FIG. 4 is a circuit diagram of another embodiment according to the present invention. In this embodiment, the LED lamps D1 to D9 are not divided into blocks, and each LED lamp D1 to D9 is provided with three resistance printing units R1 to R3, ..., R25 to R27. That is, in the embodiment shown in FIG.
While the resistance value can be selected for each of the divided blocks B1 to B3, the resistance value can be selected for each of the LED lamps D1 to D9 in the embodiment of FIG. Therefore, according to this embodiment, it is possible to adjust the brightness of each of the LED lamps D1 to D9 one by one.

[0024]

As described above, according to the printed circuit board of the present invention, the current flowing through the load can be adjusted by short-circuiting the desired land pair. For example, if an LED is mounted as the load, a plurality of LEDs
It is possible to realize an LED device including the LED, in which the LEDs emit light with the same brightness individually or in block units.

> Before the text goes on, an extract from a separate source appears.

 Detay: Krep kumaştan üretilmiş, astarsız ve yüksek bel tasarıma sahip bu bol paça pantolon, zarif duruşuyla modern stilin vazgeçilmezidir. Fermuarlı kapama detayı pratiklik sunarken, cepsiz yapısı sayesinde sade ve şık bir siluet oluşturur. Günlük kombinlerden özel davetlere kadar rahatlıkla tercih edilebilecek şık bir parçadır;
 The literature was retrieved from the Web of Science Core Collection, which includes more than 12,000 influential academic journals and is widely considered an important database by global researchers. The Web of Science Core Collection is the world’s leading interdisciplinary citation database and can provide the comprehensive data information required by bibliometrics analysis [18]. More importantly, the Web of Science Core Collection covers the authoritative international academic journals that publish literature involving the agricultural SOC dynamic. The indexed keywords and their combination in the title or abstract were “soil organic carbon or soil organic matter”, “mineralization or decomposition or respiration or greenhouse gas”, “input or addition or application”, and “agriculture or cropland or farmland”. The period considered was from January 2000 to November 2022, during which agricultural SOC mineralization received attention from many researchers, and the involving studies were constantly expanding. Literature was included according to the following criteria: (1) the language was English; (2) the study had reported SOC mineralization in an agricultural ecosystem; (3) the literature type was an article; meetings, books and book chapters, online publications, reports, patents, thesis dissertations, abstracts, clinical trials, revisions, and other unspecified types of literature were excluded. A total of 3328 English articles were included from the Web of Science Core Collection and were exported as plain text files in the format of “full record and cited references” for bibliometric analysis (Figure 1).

[Brief description of drawings]

FIG. 1 is a plan view schematically showing a main part of an embodiment of the present invention.

FIG. 2 is a circuit diagram of the embodiment shown in FIG.

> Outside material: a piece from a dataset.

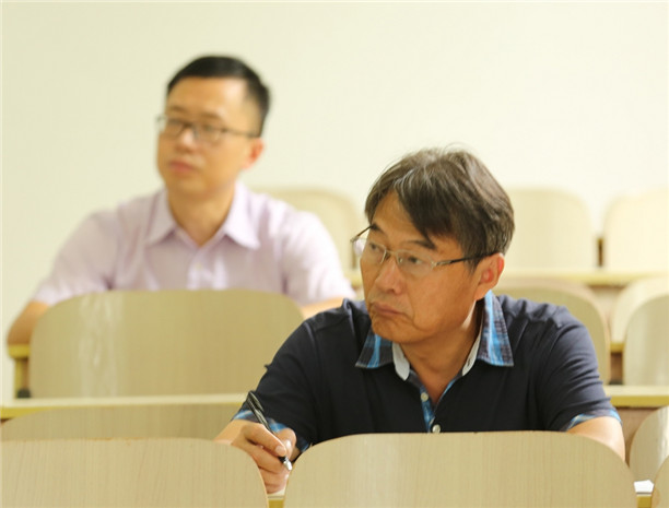 图为在园林园艺学院姚成义老师的《园林苗圃学》课上,副校长邱建洲(后排左一)专注聆听
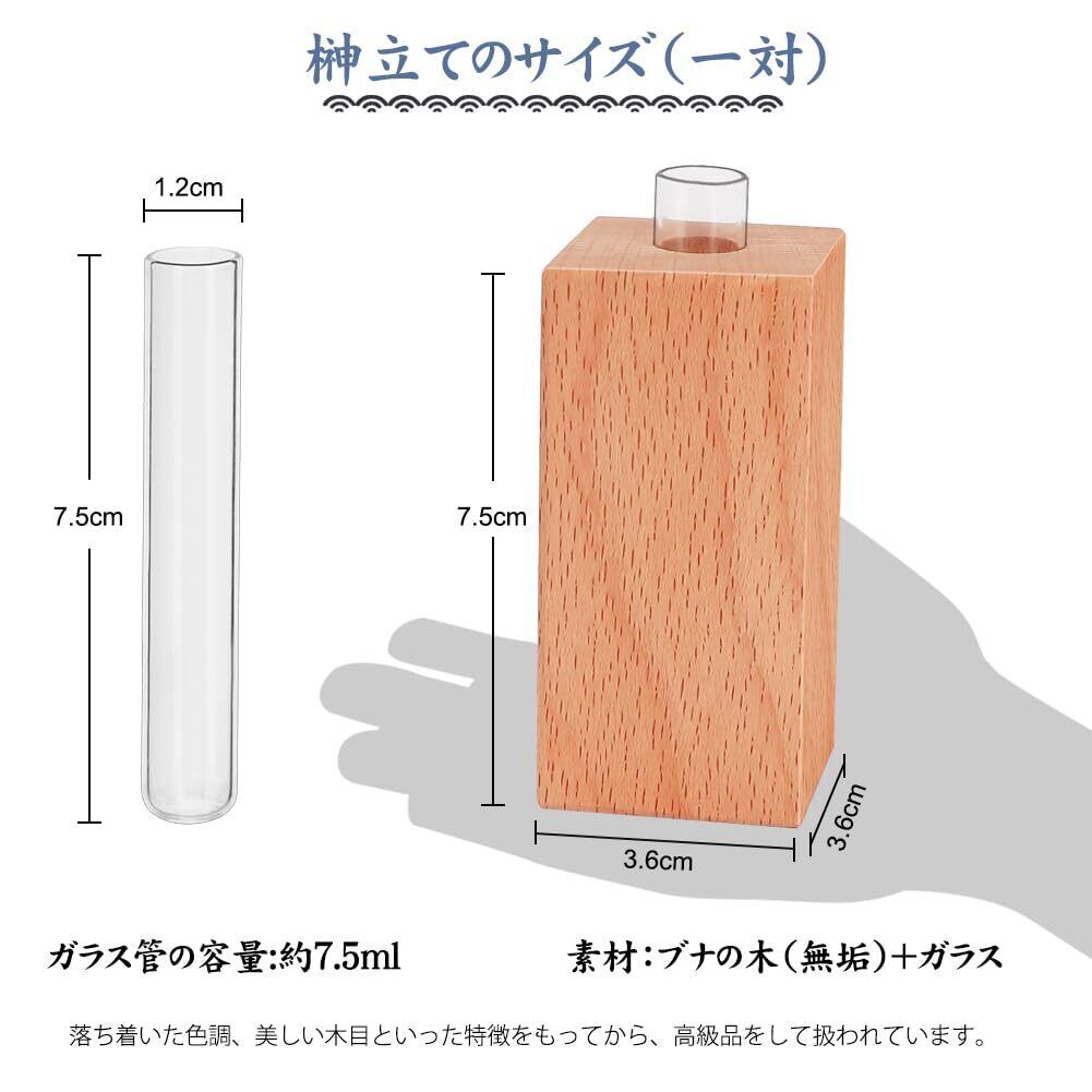 【サイズ】榊立て本体:高さ7.5cm×3.6センチ(ブナの木); ガラス管:高さ7.5cm直径1.2cm(ガラス)お届け時に箱から出してすぐにお祀り頂ける完成品。(※写真にイメージで榊などの付属はありません)

FIG. 3 is a plan view showing a specific example of a jumper section used in the embodiment of FIG.

FIG. 4 is a circuit diagram showing another embodiment of the present invention.

FIG. 5 is a perspective view schematically showing an appearance configuration and a luminance measuring device of a conventional example.

FIG. 6 is a circuit diagram showing a conventional example.

[Explanation of symbols]

 R1 to R27 ... Resistance printing section J1 to J27 ... Jumper section L1 to L27 ... Land M1 to M27 ... Land P1 to P9 ... First wiring pattern Q1 to Q9 ... Second wiring pattern D1 to D9 ... LED lamp 10 ... Wiring substrate

Claims (2)

[Claims] 1. A first wiring pattern for mounting a load is provided, and a plurality of resistance printing portions are formed in a predetermined portion of the first wiring pattern in a scattered manner to form a part of the first wiring pattern. At least one end of each resistance printing portion is connected to each land of the jumper portion, and another land of each jumper portion facing the land is connected to the second wiring pattern and faces each other. A printed circuit board characterized in that the resistance value on the wiring pattern changes depending on which land pair is short-circuited. 2. An LED device comprising an LED as a load on the printed circuit board according to claim 1.